When I told Wiki about how Maribel could apparently repel the most powerful youkai in Gensokyo, his thoughts were just like mine. Maybe Maribel really was Yukari after all.

We discussed it in the dorm together. Arnold, Wiki and I were sitting and chatting. Sasha had gone out to do some work. She was extraordinarily motivated among humans to be doing so while we were all slowly starving.

Arnold was frying up one of Emeff’s eggs. The chicken was producing fewer in the winter, or perhaps even chickens were feeling the effects of the food shortage. I realized I had no idea where her food came from. Wiki was talking about how suspicious it was that Maribel located the protein bars that were the answer to Human Town’s prayers.

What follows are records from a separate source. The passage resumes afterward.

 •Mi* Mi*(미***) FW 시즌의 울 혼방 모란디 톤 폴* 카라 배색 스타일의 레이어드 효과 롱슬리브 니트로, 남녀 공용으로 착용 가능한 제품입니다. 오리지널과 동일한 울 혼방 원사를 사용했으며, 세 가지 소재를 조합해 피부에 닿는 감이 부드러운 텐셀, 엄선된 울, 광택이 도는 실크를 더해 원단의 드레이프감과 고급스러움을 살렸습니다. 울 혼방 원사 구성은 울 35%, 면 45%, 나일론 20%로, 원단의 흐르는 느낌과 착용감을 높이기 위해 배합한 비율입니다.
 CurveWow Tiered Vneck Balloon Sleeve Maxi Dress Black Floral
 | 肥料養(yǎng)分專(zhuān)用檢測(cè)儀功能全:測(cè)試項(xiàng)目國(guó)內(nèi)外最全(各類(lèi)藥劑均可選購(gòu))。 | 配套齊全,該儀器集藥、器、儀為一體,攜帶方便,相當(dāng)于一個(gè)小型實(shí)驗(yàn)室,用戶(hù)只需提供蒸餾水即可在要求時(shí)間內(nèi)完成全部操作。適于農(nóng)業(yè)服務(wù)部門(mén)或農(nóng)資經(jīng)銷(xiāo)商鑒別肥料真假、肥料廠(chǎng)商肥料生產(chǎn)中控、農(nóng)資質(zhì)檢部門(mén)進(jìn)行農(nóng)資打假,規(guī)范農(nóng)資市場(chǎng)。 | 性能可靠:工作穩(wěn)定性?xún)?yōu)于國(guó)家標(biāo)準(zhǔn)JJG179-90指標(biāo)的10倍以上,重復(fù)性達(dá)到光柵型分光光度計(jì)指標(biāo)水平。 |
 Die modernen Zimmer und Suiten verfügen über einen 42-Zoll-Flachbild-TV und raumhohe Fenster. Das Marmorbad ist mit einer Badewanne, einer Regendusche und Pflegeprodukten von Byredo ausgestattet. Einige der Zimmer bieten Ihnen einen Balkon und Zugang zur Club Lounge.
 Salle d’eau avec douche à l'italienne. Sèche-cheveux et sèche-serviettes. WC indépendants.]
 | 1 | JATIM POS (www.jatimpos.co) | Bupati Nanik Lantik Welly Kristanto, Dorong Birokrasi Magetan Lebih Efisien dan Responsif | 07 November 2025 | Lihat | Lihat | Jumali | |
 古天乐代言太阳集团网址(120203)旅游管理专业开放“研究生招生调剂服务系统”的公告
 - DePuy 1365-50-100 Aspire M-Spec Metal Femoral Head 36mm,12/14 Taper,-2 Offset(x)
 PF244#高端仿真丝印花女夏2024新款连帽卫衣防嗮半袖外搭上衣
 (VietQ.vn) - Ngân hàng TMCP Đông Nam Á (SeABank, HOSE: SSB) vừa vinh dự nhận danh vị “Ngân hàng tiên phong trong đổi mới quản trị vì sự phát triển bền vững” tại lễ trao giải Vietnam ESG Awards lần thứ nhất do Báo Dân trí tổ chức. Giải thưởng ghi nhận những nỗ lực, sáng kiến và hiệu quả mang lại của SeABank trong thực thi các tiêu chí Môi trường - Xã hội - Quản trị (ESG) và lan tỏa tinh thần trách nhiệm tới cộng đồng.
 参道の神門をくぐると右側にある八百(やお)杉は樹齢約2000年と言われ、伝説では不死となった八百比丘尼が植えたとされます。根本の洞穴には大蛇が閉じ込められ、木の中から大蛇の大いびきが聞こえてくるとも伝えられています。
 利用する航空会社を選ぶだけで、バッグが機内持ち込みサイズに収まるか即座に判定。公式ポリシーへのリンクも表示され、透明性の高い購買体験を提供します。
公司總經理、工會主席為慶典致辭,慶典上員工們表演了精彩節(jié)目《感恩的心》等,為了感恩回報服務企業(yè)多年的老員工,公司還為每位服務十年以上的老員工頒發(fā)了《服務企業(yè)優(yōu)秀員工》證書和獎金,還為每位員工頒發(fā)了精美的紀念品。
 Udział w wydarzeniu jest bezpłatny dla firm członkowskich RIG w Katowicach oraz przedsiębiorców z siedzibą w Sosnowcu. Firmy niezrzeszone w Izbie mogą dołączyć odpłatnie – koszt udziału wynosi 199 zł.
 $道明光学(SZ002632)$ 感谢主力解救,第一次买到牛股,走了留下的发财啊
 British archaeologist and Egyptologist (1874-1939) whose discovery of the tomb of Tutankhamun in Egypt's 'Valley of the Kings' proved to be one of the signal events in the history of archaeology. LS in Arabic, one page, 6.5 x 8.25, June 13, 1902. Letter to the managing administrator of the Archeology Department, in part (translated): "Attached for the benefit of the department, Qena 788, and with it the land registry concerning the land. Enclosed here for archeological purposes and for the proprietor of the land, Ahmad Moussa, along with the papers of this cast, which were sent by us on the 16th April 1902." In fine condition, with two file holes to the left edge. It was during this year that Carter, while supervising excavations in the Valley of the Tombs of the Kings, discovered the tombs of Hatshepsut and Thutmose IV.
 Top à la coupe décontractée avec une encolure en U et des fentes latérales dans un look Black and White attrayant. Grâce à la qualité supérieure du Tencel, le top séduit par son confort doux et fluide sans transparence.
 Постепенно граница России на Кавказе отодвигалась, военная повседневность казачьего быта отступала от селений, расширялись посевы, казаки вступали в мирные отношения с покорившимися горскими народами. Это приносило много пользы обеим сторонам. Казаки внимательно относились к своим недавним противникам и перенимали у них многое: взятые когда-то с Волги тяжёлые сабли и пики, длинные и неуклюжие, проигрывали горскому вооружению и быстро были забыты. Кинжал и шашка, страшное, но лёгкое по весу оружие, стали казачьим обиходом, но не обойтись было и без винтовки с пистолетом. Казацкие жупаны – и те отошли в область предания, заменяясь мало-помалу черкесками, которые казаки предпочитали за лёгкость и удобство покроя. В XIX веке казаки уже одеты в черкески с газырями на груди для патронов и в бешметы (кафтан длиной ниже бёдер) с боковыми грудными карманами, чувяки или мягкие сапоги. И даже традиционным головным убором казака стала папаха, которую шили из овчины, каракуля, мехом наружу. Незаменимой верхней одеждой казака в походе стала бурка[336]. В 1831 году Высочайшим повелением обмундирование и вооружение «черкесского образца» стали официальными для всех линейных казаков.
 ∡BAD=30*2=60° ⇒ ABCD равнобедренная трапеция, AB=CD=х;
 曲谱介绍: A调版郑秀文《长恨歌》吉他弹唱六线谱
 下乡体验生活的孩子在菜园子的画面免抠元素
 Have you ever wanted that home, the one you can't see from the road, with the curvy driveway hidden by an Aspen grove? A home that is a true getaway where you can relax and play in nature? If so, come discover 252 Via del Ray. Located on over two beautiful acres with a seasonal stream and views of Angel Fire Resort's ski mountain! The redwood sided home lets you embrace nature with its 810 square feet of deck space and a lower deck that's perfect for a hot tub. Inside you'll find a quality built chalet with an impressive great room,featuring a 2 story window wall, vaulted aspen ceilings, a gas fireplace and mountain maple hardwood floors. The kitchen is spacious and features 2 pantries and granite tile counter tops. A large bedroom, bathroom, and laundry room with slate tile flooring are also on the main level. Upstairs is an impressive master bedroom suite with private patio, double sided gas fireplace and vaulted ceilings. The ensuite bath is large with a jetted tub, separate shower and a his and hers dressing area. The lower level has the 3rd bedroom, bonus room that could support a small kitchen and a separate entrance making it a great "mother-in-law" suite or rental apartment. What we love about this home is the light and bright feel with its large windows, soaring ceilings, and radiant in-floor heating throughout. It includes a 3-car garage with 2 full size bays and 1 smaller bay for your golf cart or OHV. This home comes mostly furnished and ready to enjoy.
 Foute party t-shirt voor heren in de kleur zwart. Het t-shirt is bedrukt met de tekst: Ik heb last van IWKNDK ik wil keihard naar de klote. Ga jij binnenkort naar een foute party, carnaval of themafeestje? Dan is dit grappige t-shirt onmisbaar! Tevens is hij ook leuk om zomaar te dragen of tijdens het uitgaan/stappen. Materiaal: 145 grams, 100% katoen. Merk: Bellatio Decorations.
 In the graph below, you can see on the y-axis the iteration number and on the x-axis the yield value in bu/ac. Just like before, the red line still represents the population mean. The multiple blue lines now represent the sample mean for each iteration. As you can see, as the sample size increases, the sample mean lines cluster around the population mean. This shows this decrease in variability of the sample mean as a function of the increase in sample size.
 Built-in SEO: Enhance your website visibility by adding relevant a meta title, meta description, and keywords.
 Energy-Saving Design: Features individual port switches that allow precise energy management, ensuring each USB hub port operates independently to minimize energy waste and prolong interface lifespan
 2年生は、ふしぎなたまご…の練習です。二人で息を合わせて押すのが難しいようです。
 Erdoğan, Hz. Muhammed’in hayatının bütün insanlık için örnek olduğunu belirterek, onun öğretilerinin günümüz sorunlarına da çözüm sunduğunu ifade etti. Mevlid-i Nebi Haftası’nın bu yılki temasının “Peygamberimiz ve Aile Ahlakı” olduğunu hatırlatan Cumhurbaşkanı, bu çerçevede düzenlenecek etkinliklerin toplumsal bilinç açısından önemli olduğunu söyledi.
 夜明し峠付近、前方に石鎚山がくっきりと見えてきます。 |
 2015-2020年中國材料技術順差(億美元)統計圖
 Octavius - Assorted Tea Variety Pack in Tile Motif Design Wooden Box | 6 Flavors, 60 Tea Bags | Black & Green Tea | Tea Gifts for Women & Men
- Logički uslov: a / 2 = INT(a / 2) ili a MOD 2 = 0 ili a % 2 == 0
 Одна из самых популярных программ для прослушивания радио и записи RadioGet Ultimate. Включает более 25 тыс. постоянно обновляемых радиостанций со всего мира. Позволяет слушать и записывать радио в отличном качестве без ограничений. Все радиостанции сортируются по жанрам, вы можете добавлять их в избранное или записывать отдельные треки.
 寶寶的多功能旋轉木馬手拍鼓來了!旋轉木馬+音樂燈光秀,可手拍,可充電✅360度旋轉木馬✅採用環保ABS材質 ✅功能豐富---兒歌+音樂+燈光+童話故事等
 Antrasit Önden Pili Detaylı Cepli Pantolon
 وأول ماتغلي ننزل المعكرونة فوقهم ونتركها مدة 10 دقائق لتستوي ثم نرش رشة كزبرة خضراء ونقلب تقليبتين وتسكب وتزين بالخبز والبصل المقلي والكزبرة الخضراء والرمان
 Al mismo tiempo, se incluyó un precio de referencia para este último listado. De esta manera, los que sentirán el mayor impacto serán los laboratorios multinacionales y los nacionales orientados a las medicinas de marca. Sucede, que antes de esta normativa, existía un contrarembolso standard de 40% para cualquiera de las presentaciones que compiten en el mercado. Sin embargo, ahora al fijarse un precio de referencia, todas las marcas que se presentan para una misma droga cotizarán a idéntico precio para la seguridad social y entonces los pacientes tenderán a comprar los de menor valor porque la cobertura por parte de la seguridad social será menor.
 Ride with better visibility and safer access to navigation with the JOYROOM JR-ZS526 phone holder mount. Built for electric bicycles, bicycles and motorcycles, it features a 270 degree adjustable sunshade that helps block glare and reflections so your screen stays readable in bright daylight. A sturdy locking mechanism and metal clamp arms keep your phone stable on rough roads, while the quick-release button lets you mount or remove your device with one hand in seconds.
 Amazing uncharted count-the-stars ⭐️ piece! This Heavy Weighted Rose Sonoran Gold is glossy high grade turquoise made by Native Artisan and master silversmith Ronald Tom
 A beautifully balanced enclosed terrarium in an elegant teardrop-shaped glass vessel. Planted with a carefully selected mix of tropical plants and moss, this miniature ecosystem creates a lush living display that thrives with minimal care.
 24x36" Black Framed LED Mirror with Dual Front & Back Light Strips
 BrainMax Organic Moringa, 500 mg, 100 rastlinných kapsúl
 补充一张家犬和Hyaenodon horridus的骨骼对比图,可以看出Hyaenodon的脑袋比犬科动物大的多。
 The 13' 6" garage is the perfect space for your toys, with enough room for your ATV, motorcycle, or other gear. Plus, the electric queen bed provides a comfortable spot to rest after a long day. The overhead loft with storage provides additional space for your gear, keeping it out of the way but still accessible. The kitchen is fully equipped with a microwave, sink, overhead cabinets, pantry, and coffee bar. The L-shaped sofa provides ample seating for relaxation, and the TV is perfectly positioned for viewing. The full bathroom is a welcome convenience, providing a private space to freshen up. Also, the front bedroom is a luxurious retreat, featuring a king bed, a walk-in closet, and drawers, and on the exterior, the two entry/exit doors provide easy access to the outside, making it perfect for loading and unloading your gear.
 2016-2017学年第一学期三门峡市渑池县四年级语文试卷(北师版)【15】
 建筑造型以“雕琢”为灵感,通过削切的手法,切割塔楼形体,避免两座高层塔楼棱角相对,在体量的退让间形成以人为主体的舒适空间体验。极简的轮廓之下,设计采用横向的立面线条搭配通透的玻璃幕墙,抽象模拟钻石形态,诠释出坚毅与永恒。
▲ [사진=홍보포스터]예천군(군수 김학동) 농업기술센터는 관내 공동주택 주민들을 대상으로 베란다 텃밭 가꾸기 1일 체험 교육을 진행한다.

“It makes sense that Yukari might leave a piece of herself behind as a last-minute workaround to her inability to direct things,” said Wiki, rubbing his chin. “Having that piece claim to be human is strange, though. Perhaps her mind is split in two.”

“So you suspect Maribel has, oh, what’s it called.” Arnold scraped the pan. “Dissociative identity disorder?”

“Not at all,” said Wiki.

“Then how could she secretly be ‘a piece’ of the most powerful youkai?”

“Maribel isn’t Yukari–yet,” he said, balancing two markers on his fingertips. “Time travel is a common theory among the fans. The difference between past and future is just another boundary that Miss Yakumo could manipulate, after all, so maybe Yukari is from the future.” He dropped a marker. “The present, I mean.”

“Time travel is impossible,” I said.

“Perhaps you failed to notice that we are in the land of fantasy?” said Wiki, his eyebrow raised. “We have no idea if time travel is possible.” I frowned at him.

I couldn’t tell Wiki that Patchouli had taught me about time magic–even her limited lessons were controlled information. There were many ways that one could manipulate time, but straight up reversing it for everyone supposedly wasn’t one of them. The librarian had stated as much with the certainty of a physicist discussing entropy. She’d also told me that she’d been trying to figure out a way to go back in time for decades anyway, because it would be so powerful.

I couldn’t tell Wiki any of this.

Wiki met my eyes and something passed between us. He seemed to realize that I had good reasons for my belief, beyond those I’d had in the Outside World, and he didn’t immediately ask for me to explain. Maybe after the scare with the tengu he’d learned some discretion.

“Well,” he said. “If Maribel can repel powerful youkai, we should try to cautiously investigate the phenomenon.”

“How are we going to do that, Wiki?” asked Arnold as he cut an egg into thirds.

“The same way we investigate every phenomenon involving youkai,” replied Wiki.

“So I might become a goddess or something,” said Maribel.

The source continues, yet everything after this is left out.